Eleanor Stone was born on May 30, 1927, in Brooklyn. Her father, Max, was an entrepreneur, and her mother, Jean (Rosen) Stone, was an accountant. She grew up in Brooklyn.

After an early marriage to Martin Birnbaum ended quickly in divorce, she embarked on a singing career, although it got off to a rocky start — she was booked at a resort hotel in the Catskills and bombed.

“They didn’t even pay me,” she told The Boston Globe in 1970. “The whole affair rankled, and I didn’t sing again for two years.”

But eventually she found some success as a folk singer with a comic side.

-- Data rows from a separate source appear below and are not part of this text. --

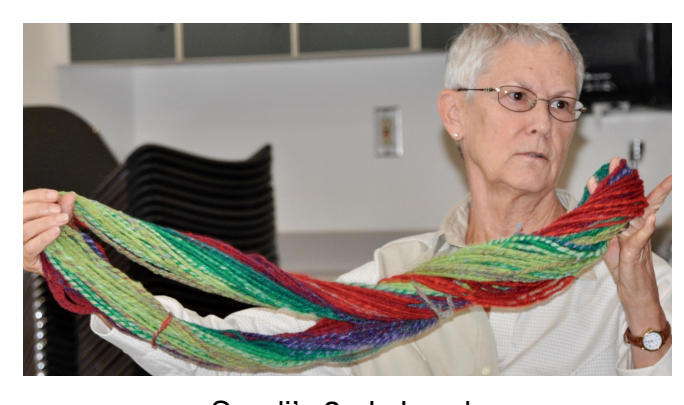
Sandi's 3 ply handspun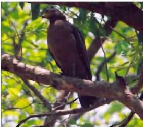
Crested Serpent Eagle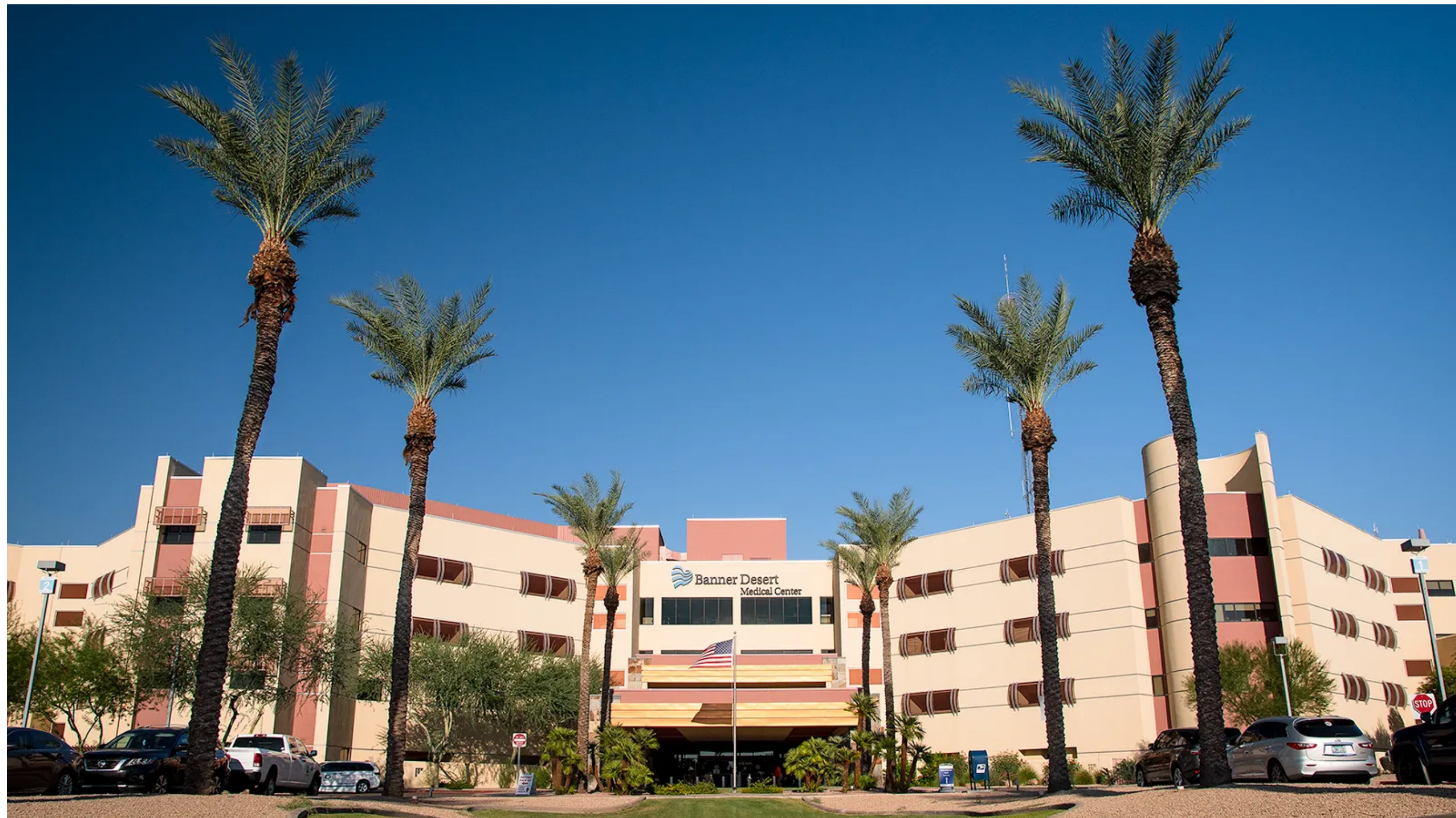
Banner Health turned to MCC to help fill an industry void in the biomedical technology field with a certificate program.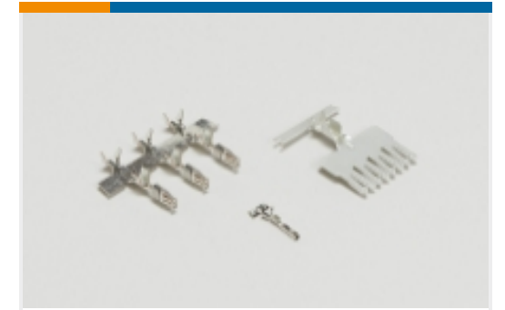
Busbars & Terminals(1)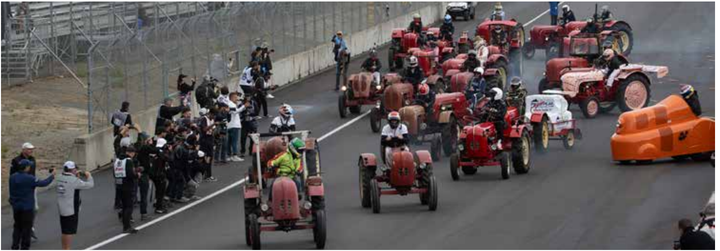
The scrum to see you grabs the lead.

In October 1957, she played Carnegie Hall as part of an evening billed as a “Folk Jamboree,” sharing the bill with Sonny Terry, Earl Robinson, and others. The next year she was back at Carnegie with the popular musical satirist Tom Lehrer. (A newspaper advertisement for the show read: “Tom Lehrer Strikes Back!! Assisted in mayhem by Elly Stone.”)

She also began turning up in off-Broadway plays and musicals. And she met Eric Blau; according to the Martin Report article, Blau, an aspiring poet, had been hired to write a campaign song for a local candidate, and Ms. Stone was engaged to sing it.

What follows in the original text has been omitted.